(Stored entries)
=== Begin Enclosure ===
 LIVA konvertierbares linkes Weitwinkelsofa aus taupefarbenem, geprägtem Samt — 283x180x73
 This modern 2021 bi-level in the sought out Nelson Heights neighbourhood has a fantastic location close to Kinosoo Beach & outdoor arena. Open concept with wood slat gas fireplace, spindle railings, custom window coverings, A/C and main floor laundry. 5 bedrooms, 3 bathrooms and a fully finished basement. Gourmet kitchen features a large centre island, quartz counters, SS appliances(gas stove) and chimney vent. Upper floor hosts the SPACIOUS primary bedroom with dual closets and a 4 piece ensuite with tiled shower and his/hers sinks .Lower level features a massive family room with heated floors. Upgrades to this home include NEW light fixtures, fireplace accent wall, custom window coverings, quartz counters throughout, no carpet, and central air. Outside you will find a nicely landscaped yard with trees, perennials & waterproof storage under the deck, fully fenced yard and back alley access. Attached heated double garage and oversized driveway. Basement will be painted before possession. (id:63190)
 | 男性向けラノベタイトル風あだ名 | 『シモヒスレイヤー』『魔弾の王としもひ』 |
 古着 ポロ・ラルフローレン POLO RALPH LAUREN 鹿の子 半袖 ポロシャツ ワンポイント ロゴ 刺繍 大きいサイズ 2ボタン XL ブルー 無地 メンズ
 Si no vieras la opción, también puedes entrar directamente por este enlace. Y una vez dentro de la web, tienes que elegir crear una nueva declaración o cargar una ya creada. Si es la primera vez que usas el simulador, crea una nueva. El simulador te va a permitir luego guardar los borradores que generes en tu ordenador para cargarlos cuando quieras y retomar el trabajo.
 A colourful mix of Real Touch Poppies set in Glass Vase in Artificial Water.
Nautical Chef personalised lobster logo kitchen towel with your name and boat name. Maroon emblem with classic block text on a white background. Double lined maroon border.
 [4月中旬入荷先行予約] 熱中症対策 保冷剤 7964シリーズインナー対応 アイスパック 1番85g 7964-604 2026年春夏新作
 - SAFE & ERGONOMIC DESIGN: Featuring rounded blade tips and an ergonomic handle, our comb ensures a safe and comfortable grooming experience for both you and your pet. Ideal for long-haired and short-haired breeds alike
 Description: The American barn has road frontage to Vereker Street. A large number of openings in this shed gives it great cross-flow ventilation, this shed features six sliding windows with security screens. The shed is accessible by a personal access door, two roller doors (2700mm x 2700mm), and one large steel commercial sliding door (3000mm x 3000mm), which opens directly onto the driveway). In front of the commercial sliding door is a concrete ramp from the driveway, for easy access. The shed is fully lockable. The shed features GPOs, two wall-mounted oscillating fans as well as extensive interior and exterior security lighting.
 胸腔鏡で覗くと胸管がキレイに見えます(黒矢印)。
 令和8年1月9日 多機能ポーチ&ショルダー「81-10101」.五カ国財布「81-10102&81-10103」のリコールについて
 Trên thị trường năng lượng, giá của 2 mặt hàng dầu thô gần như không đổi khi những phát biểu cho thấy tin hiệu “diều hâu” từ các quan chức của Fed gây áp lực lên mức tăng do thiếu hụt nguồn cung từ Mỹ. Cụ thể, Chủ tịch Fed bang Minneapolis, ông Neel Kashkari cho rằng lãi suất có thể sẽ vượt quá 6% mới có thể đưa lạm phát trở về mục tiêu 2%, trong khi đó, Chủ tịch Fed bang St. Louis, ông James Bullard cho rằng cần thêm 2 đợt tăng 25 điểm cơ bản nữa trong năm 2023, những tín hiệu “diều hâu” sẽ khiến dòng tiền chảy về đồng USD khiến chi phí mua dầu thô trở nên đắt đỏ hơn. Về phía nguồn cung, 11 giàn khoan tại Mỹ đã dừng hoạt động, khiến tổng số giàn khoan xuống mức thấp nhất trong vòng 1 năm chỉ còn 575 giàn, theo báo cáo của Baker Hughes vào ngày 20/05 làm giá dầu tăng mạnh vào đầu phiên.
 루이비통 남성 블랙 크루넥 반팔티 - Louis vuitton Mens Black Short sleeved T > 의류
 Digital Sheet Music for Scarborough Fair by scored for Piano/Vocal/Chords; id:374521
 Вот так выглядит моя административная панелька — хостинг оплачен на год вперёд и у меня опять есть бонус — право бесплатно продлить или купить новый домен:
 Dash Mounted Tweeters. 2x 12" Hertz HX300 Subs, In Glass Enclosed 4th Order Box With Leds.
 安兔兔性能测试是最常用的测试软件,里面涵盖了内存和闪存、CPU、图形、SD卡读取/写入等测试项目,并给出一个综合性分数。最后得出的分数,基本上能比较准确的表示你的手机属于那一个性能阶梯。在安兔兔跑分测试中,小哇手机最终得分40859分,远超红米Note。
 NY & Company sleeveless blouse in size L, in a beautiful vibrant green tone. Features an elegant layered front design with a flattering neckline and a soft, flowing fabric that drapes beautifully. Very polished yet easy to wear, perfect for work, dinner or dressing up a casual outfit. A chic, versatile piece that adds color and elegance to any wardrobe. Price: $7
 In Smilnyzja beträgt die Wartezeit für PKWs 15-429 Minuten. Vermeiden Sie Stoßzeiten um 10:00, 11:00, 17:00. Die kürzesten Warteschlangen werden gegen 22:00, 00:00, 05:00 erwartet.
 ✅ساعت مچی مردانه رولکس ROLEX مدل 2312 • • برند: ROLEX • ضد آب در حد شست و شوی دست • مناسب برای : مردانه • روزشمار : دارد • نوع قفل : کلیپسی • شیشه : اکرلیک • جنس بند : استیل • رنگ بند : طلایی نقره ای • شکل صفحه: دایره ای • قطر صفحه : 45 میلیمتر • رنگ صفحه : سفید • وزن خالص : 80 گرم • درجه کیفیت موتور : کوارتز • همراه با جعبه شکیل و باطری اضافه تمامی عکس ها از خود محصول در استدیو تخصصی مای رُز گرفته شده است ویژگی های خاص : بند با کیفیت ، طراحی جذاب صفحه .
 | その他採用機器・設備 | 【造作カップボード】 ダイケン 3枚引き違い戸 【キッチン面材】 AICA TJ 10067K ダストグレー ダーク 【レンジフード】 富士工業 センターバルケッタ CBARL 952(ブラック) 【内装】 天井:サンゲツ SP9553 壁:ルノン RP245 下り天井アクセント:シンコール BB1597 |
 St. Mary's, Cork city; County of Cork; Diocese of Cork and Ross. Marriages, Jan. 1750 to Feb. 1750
=== End Enclosure ===
→ **Brief**
Output the entries verbatim.

→ **Task solution**
 LIVA konvertierbares linkes Weitwinkelsofa aus taupefarbenem, geprägtem Samt — 283x180x73
 This modern 2021 bi-level in the sought out Nelson Heights neighbourhood has a fantastic location close to Kinosoo Beach & outdoor arena. Open concept with wood slat gas fireplace, spindle railings, custom window coverings, A/C and main floor laundry. 5 bedrooms, 3 bathrooms and a fully finished basement. Gourmet kitchen features a large centre island, quartz counters, SS appliances(gas stove) and chimney vent. Upper floor hosts the SPACIOUS primary bedroom with dual closets and a 4 piece ensuite with tiled shower and his/hers sinks .Lower level features a massive family room with heated floors. Upgrades to this home include NEW light fixtures, fireplace accent wall, custom window coverings, quartz counters throughout, no carpet, and central air. Outside you will find a nicely landscaped yard with trees, perennials & waterproof storage under the deck, fully fenced yard and back alley access. Attached heated double garage and oversized driveway. Basement will be painted before possession. (id:63190)
 | 男性向けラノベタイトル風あだ名 | 『シモヒスレイヤー』『魔弾の王としもひ』 |
 古着 ポロ・ラルフローレン POLO RALPH LAUREN 鹿の子 半袖 ポロシャツ ワンポイント ロゴ 刺繍 大きいサイズ 2ボタン XL ブルー 無地 メンズ
 Si no vieras la opción, también puedes entrar directamente por este enlace. Y una vez dentro de la web, tienes que elegir crear una nueva declaración o cargar una ya creada. Si es la primera vez que usas el simulador, crea una nueva. El simulador te va a permitir luego guardar los borradores que generes en tu ordenador para cargarlos cuando quieras y retomar el trabajo.
 A colourful mix of Real Touch Poppies set in Glass Vase in Artificial Water.
Nautical Chef personalised lobster logo kitchen towel with your name and boat name. Maroon emblem with classic block text on a white background. Double lined maroon border.
 [4月中旬入荷先行予約] 熱中症対策 保冷剤 7964シリーズインナー対応 アイスパック 1番85g 7964-604 2026年春夏新作
 - SAFE & ERGONOMIC DESIGN: Featuring rounded blade tips and an ergonomic handle, our comb ensures a safe and comfortable grooming experience for both you and your pet. Ideal for long-haired and short-haired breeds alike
 Description: The American barn has road frontage to Vereker Street. A large number of openings in this shed gives it great cross-flow ventilation, this shed features six sliding windows with security screens. The shed is accessible by a personal access door, two roller doors (2700mm x 2700mm), and one large steel commercial sliding door (3000mm x 3000mm), which opens directly onto the driveway). In front of the commercial sliding door is a concrete ramp from the driveway, for easy access. The shed is fully lockable. The shed features GPOs, two wall-mounted oscillating fans as well as extensive interior and exterior security lighting.
 胸腔鏡で覗くと胸管がキレイに見えます(黒矢印)。
 令和8年1月9日 多機能ポーチ&ショルダー「81-10101」.五カ国財布「81-10102&81-10103」のリコールについて
 Trên thị trường năng lượng, giá của 2 mặt hàng dầu thô gần như không đổi khi những phát biểu cho thấy tin hiệu “diều hâu” từ các quan chức của Fed gây áp lực lên mức tăng do thiếu hụt nguồn cung từ Mỹ. Cụ thể, Chủ tịch Fed bang Minneapolis, ông Neel Kashkari cho rằng lãi suất có thể sẽ vượt quá 6% mới có thể đưa lạm phát trở về mục tiêu 2%, trong khi đó, Chủ tịch Fed bang St. Louis, ông James Bullard cho rằng cần thêm 2 đợt tăng 25 điểm cơ bản nữa trong năm 2023, những tín hiệu “diều hâu” sẽ khiến dòng tiền chảy về đồng USD khiến chi phí mua dầu thô trở nên đắt đỏ hơn. Về phía nguồn cung, 11 giàn khoan tại Mỹ đã dừng hoạt động, khiến tổng số giàn khoan xuống mức thấp nhất trong vòng 1 năm chỉ còn 575 giàn, theo báo cáo của Baker Hughes vào ngày 20/05 làm giá dầu tăng mạnh vào đầu phiên.
 루이비통 남성 블랙 크루넥 반팔티 - Louis vuitton Mens Black Short sleeved T > 의류
 Digital Sheet Music for Scarborough Fair by scored for Piano/Vocal/Chords; id:374521
 Вот так выглядит моя административная панелька — хостинг оплачен на год вперёд и у меня опять есть бонус — право бесплатно продлить или купить новый домен:
 Dash Mounted Tweeters. 2x 12" Hertz HX300 Subs, In Glass Enclosed 4th Order Box With Leds.
 安兔兔性能测试是最常用的测试软件,里面涵盖了内存和闪存、CPU、图形、SD卡读取/写入等测试项目,并给出一个综合性分数。最后得出的分数,基本上能比较准确的表示你的手机属于那一个性能阶梯。在安兔兔跑分测试中,小哇手机最终得分40859分,远超红米Note。
 NY & Company sleeveless blouse in size L, in a beautiful vibrant green tone. Features an elegant layered front design with a flattering neckline and a soft, flowing fabric that drapes beautifully. Very polished yet easy to wear, perfect for work, dinner or dressing up a casual outfit. A chic, versatile piece that adds color and elegance to any wardrobe. Price: $7
 In Smilnyzja beträgt die Wartezeit für PKWs 15-429 Minuten. Vermeiden Sie Stoßzeiten um 10:00, 11:00, 17:00. Die kürzesten Warteschlangen werden gegen 22:00, 00:00, 05:00 erwartet.
 ✅ساعت مچی مردانه رولکس ROLEX مدل 2312 • • برند: ROLEX • ضد آب در حد شست و شوی دست • مناسب برای : مردانه • روزشمار : دارد • نوع قفل : کلیپسی • شیشه : اکرلیک • جنس بند : استیل • رنگ بند : طلایی نقره ای • شکل صفحه: دایره ای • قطر صفحه : 45 میلیمتر • رنگ صفحه : سفید • وزن خالص : 80 گرم • درجه کیفیت موتور : کوارتز • همراه با جعبه شکیل و باطری اضافه تمامی عکس ها از خود محصول در استدیو تخصصی مای رُز گرفته شده است ویژگی های خاص : بند با کیفیت ، طراحی جذاب صفحه .
 | その他採用機器・設備 | 【造作カップボード】 ダイケン 3枚引き違い戸 【キッチン面材】 AICA TJ 10067K ダストグレー ダーク 【レンジフード】 富士工業 センターバルケッタ CBARL 952(ブラック) 【内装】 天井:サンゲツ SP9553 壁:ルノン RP245 下り天井アクセント:シンコール BB1597 |
 St. Mary's, Cork city; County of Cork; Diocese of Cork and Ross. Marriages, Jan. 1750 to Feb. 1750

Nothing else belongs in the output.